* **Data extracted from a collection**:
------------------------------------------------
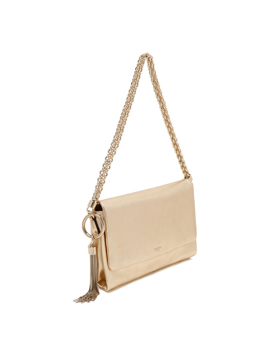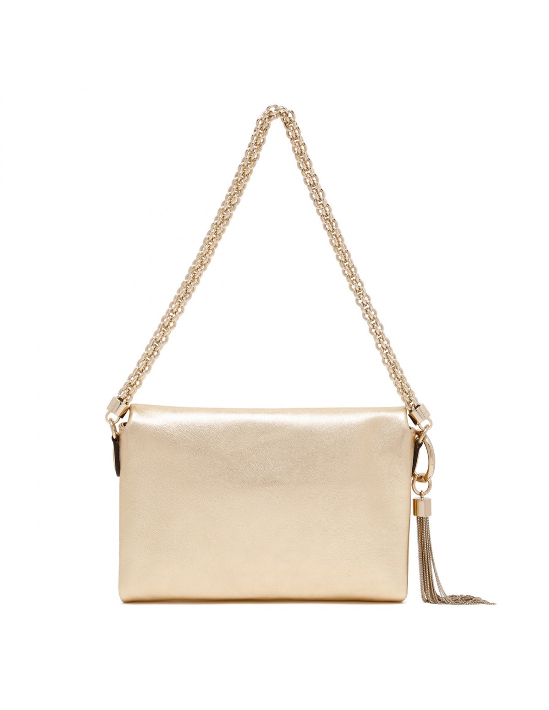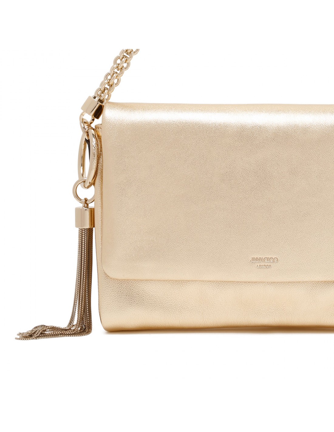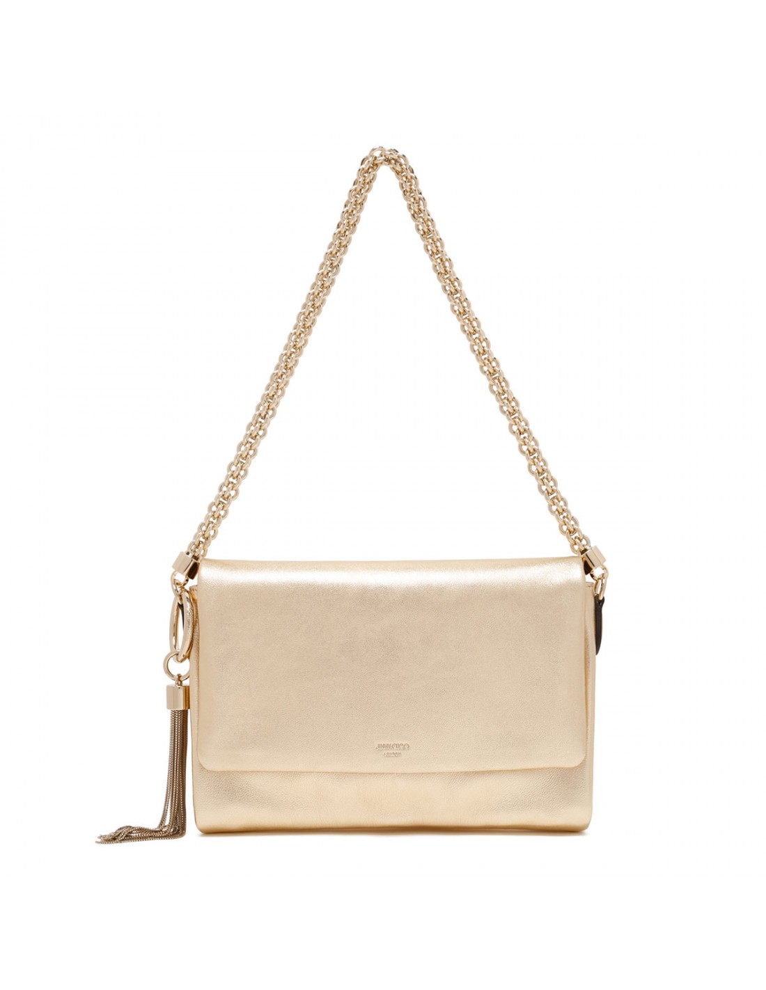 Metallic gold leather Callie Flap shoulder bag from Jimmy Choo featuring sculptural folds, gold-tone chain shoulder strap, front flap with magnetic closure, signature tassel hardware, engraved logo, internal pocket.
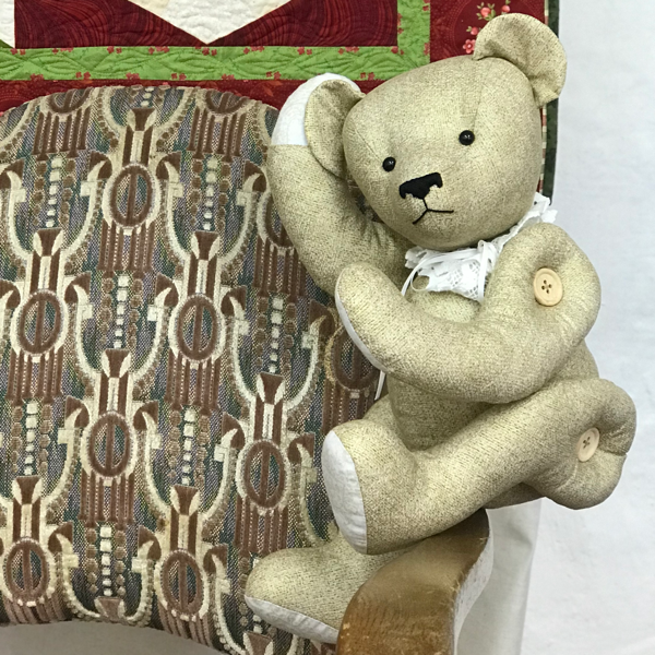 Zelf deze beer maken dat kan makkelijk met dit patroon. Kies de stoffen uit die u leuk vind. Bij het patroon vind u wel de knoopjes voor de ogen, de houten schijfjes om het hoofd te laten draaien en borduurgaren voor de neus.
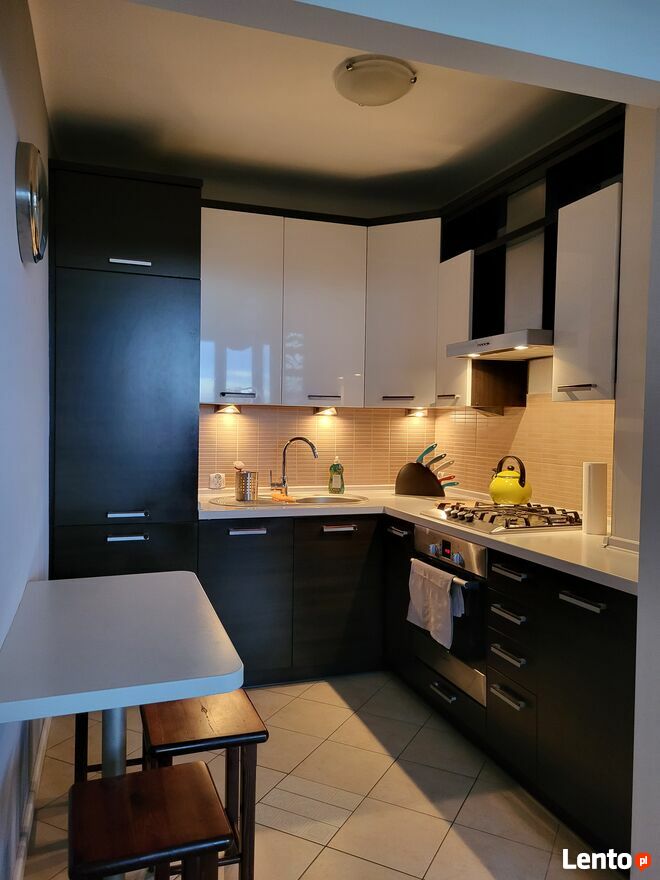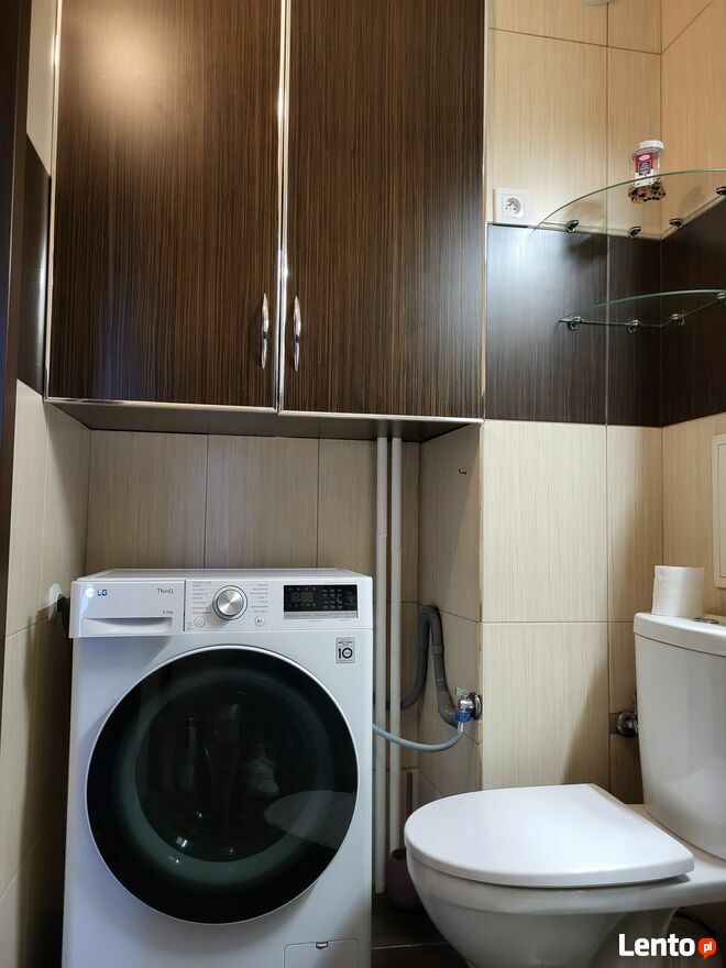 Mieszkanie zadbane, w pełni umeblowane (duża szafa w pokoju, w przedpokoju i łazience szafki na przechowanie rzeczy), wyposażone w sprzęt RTV i AGD. Ponadto kuchnia wyposażona w akcesoria kuchenne.
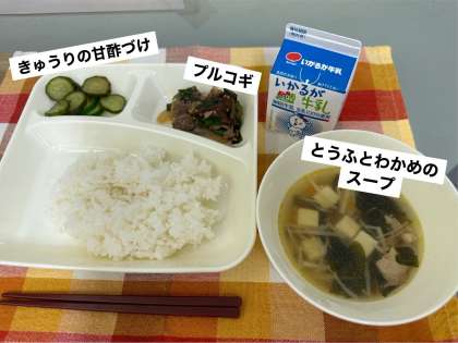 今日の献立は、プルコギ、とうふとわかめのスープ、きゅうりの甘酢づけ、ごはん、牛乳です。
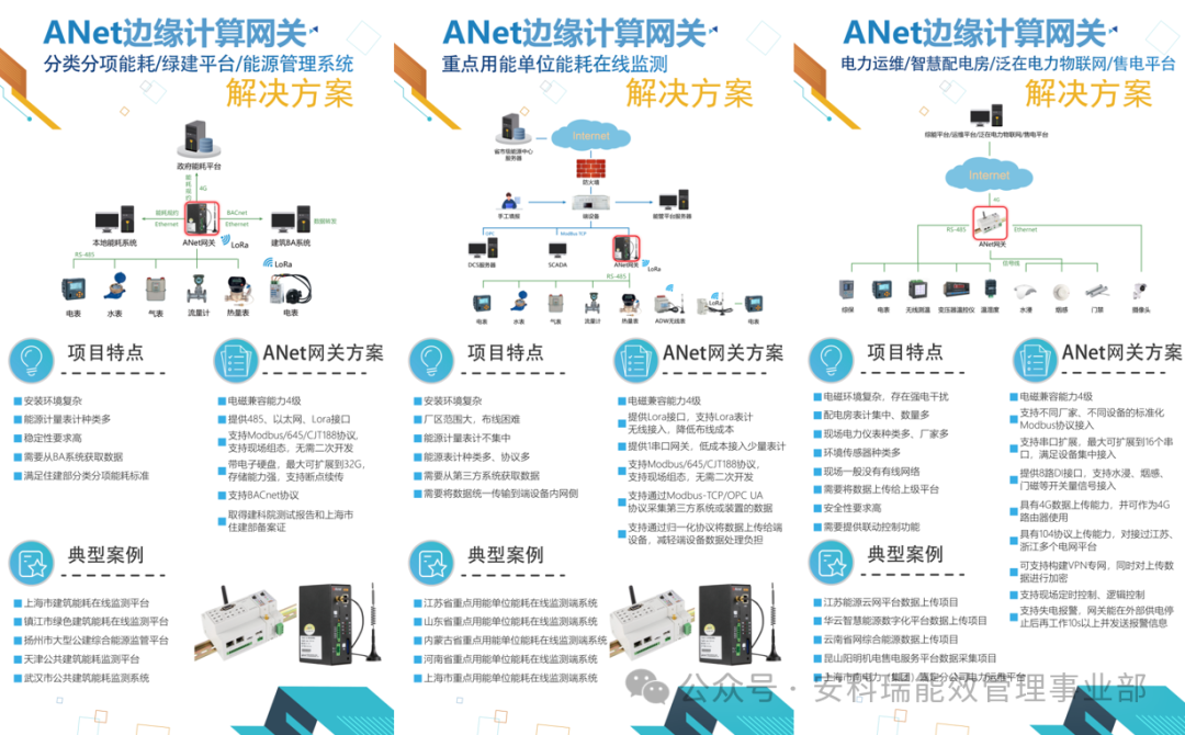 某公司是一家专注于“互联网+智慧能源"的创新型科技服务公司,与我司有深入的合作,采购了我司大量软硬件,通过数据分析为客户降低工商业用能成本,提高能源使用效率,达到实现节能降耗、安全运行、精细化管理的目标。在这个项目中,数据需同时转发至我司能耗系统、运维系统,现场不仅有我司设备,还有第三方温控仪、摄像头等设备。ANet网关除了可接入我司PZ/ACR/AMC/APM/AEW/ADW以及AM系列综保外,也可快捷方便的接入协议标准的第三方设备,同时支持4G路由功能,可为摄像头等其它需联网的设备提供外网接入。
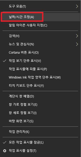 1) 작업표시줄에서 오른쪽하단 시간에 우클릭 시 표시되는 " 날짜/시간 조정(A)을 클릭합니다
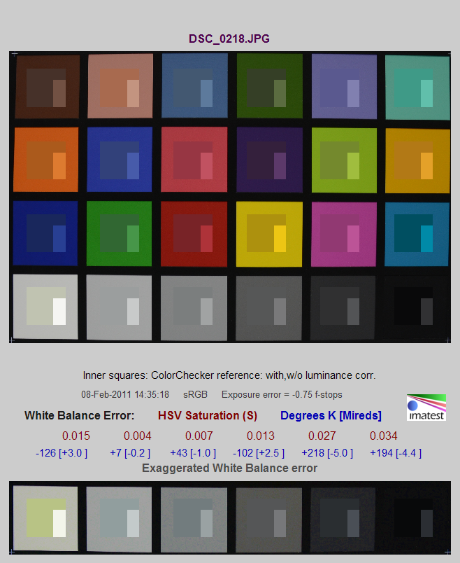 Настройки баланса белого, кроме автоматического, включают шесть стандартных пресетов: дневной свет, лампы накаливания, лампы дневного света, облачно, вспышка, тень, причём все предварительные настройки можно корректировать по осям A-B/G-M (по 6 значений на каждой оси). Пресет ламп дневного света и вовсе делится на 7 подтипов, которые также отдельно корректируются по осям A-B/G-M. Имеется и ручной режим установки по карте белого или серого, причём доступно сразу 5 контейнеров, каждому из которых можно присвоить произвольное имя. Для оценки корректности автоматического определения баланса белого фотографировалась таблица Colorchecker 24. Используемые осветители постоянного света — флуоресцентные лампы с цветовой температурой 6400К, а также осветители с лампами накаливания. Результаты тестирования приведены ниже. Как видно на иллюстрациях, при освещении лампами дневного света ошибка невелика, но в случае использования галогеновых источников она возрастает до неприличных значений.
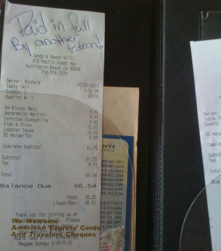 ▼他帶著老婆和孩子在餐廳慶祝生日時,有陌生人悄悄幫他結帳了。
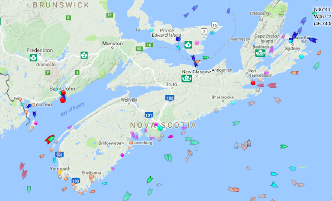 新斯科舍附近海域,周二上午八点半。地图:marinetraffic.com
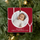 Adorno De Cerámica Custom Baby's First Christmas Photo Red
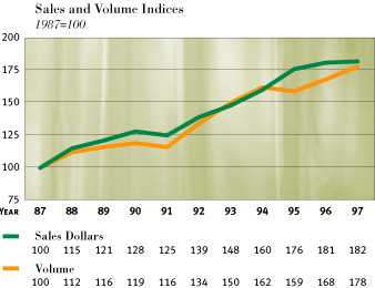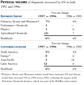 Net sales of $3,999 million were essentially the same as in 1996, the net result of 6% volume gains, one percent lower selling prices, 9% weaker currencies in Europe, a 10% weaker Japanese yen and the absence of Petroleum Chemicals sales which were part of the RohMax joint venture in 1997. Volume growth was strong in all regions, with all businesses contributing except Agricultural Chemicals. Sales in 1996 of $3,982 million were 3% higher than 1995 due to 6% volume gains, offset by 1% lower selling prices and a 15% weaker Japanese yen. Volume grew due to strengthening economies around the world and the resurgence of the construction and automotive markets. All regions and most businesses contributed to the 1996 volume growth.
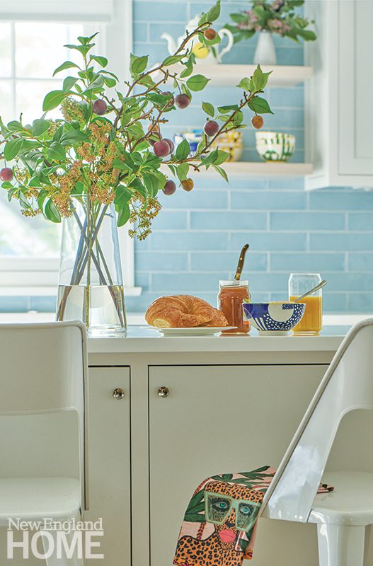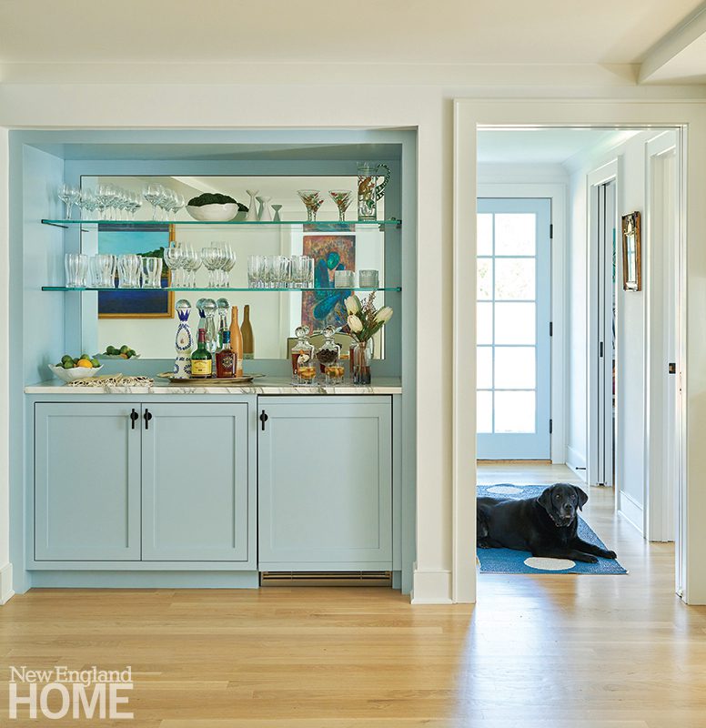 The airy new kitchen sports white upper cabinets, interrupted here and there by open wood shelves, that float like clouds on an expanse of glossy sky-blue tile. Shiny white quartz tops the lower cabinets and the island. “We often do honed surfaces,” De Maria says, “but this kitchen doesn’t get a lot of natural light, so we chose reflective surfaces.” And for a sophisticated touch, the designers added a bar, outfitted in pale blue cabinets and a mirrored back, to suit the grown-up new kitchen.
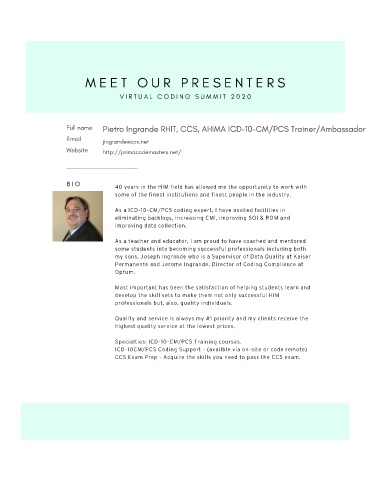 Pietro Ingrande RHIT, CCS, AHIMA ICD-10-CM/PCS Trainer/Ambassador
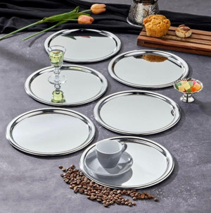 Dekoratif Paslanmaz Çelik 6 Lı Yuvarlak Model Servis Tepsisi Lüx Sunum
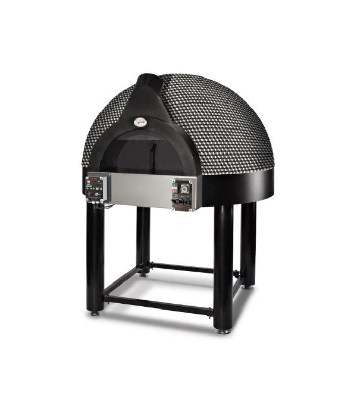 Baking surface of 110 cm. in diameter Pavesi ROTATING SINGLE BLOCK, capacity for 6/8 piazzas. Designed to provide a working tool of the highest standard but still unique, because it is strongly characterized in terms of aesthetics, almost a piece of design. User friendly, rotation speed control, cooking plate always at the ideal temperature, the revolving oven is recommended for those who must cook large quantities of pizzas as quickly as possible. All the Pavesi gas-fired ovens are supplied with an electronically managed gas burner.
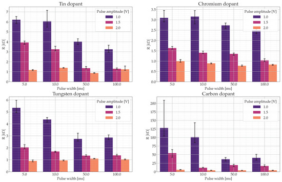In Figure 16, the averaged value of the resistance after the first programming pulse is presented in the form of a bar chart, depending on the doping of the memristor, pulse width, and pulse amplitude. It can be observed that the average resistance of the memristor decreases with the increase in pulse width and amplitude. Additionally, the memristor resistance is much more sensitive to the amplitude of the programming pulse than its width. An increase in the amplitude of the programming pulse causes a significantly higher change in the resistance value compared to an increase in pulse width.
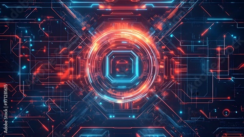 Minimal tech symbols in a symmetrical pattern on a futuristic background
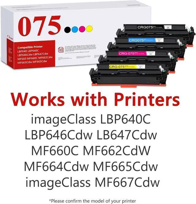 Compatible Printer:075 Toner Cartridge Compatible for Color ImageCLASS LBP640C LBP646Cdw LB647Cdw MF660C MF662CdW MF664Cdw MF665Cdw MF667Cdw Printers
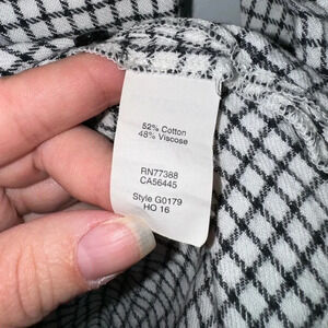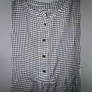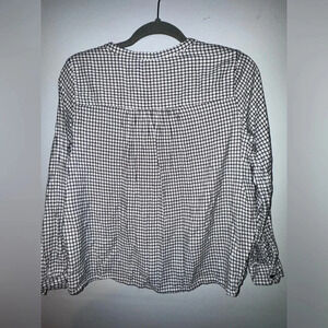 Great used condition no signs of wear. 3/4 sleeve button up white and black plaid flannel feeling material.
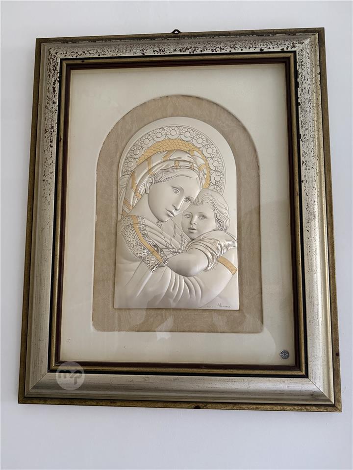 Leader Argenti 925 Sterling Silver Madonna & Child Icon – Large Framed Piece
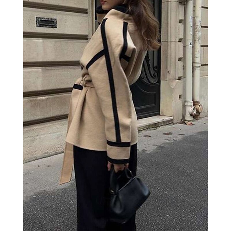 HOT ! Women's Winter Coat Warm Comfortable Lace up Pocket Fashion Outdoor Patchwork Outdoor Weekend Open Front Regular Stand Collar Regular Fit Long Sleeve Outerwear Apricot Fall Winter
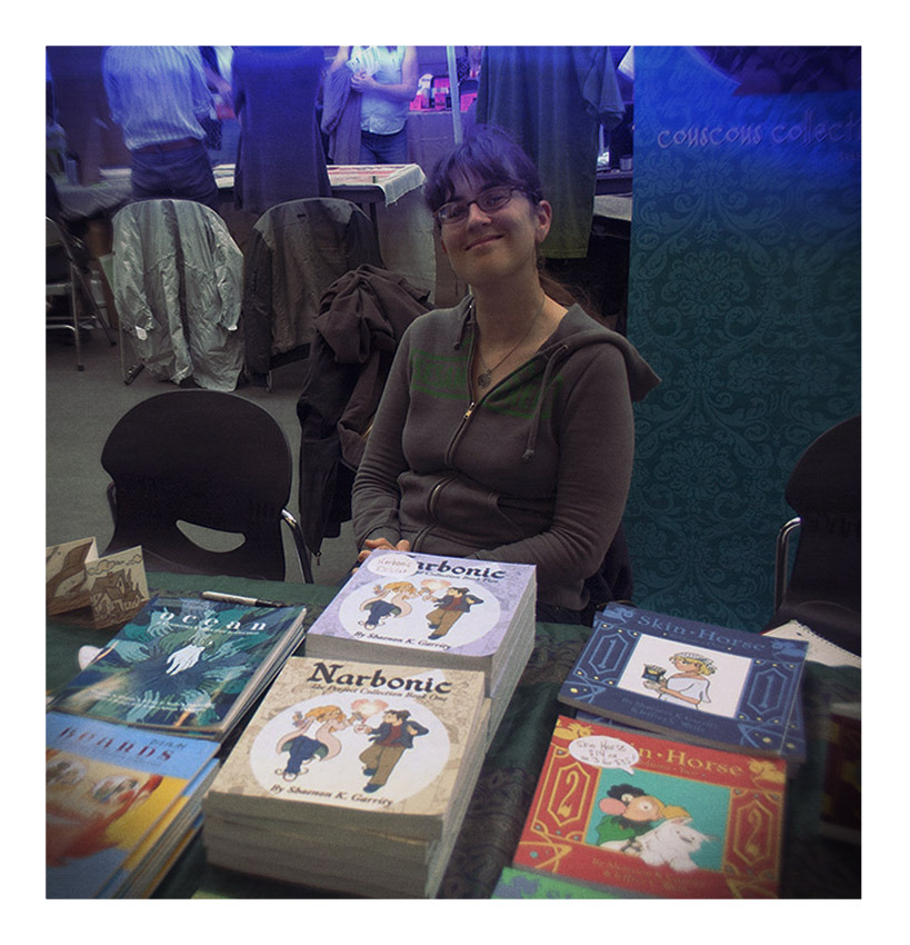 Seated behind large stacks of book-length collections of her webcomics Narbonic and Skin Horse, along with the work of her fellow artists in the Couscous Collective group, Garrity fielded questions about her work, stopping now and then to process a sale or inscribe a book for a fan. She speculated that the park’s location — as opposed to the show’s older venues in trendier areas of the city, including the CELLspace gallery in the media gulch area and the Women’s Building the Mission district — might be the reason why more families are attending the show.
------------------------------------------------
* **PROBLEM TO SOLVE**: Using the data above, copy exactly the lines from the one containing "1) 작업표시줄에서 오른쪽하단" to the one containing "Net sales of", inclusive. Exclude the pictures.

* **ANSWER TO THIS PROBLEM**:
 1) 작업표시줄에서 오른쪽하단 시간에 우클릭 시 표시되는 " 날짜/시간 조정(A)을 클릭합니다
 Настройки баланса белого, кроме автоматического, включают шесть стандартных пресетов: дневной свет, лампы накаливания, лампы дневного света, облачно, вспышка, тень, причём все предварительные настройки можно корректировать по осям A-B/G-M (по 6 значений на каждой оси). Пресет ламп дневного света и вовсе делится на 7 подтипов, которые также отдельно корректируются по осям A-B/G-M. Имеется и ручной режим установки по карте белого или серого, причём доступно сразу 5 контейнеров, каждому из которых можно присвоить произвольное имя. Для оценки корректности автоматического определения баланса белого фотографировалась таблица Colorchecker 24. Используемые осветители постоянного света — флуоресцентные лампы с цветовой температурой 6400К, а также осветители с лампами накаливания. Результаты тестирования приведены ниже. Как видно на иллюстрациях, при освещении лампами дневного света ошибка невелика, но в случае использования галогеновых источников она возрастает до неприличных значений.
 ▼他帶著老婆和孩子在餐廳慶祝生日時,有陌生人悄悄幫他結帳了。
 新斯科舍附近海域,周二上午八点半。地图:marinetraffic.com
 Adorno De Cerámica Custom Baby's First Christmas Photo Red
 Net sales of $3,999 million were essentially the same as in 1996, the net result of 6% volume gains, one percent lower selling prices, 9% weaker currencies in Europe, a 10% weaker Japanese yen and the absence of Petroleum Chemicals sales which were part of the RohMax joint venture in 1997. Volume growth was strong in all regions, with all businesses contributing except Agricultural Chemicals. Sales in 1996 of $3,982 million were 3% higher than 1995 due to 6% volume gains, offset by 1% lower selling prices and a 15% weaker Japanese yen. Volume grew due to strengthening economies around the world and the resurgence of the construction and automotive markets. All regions and most businesses contributed to the 1996 volume growth.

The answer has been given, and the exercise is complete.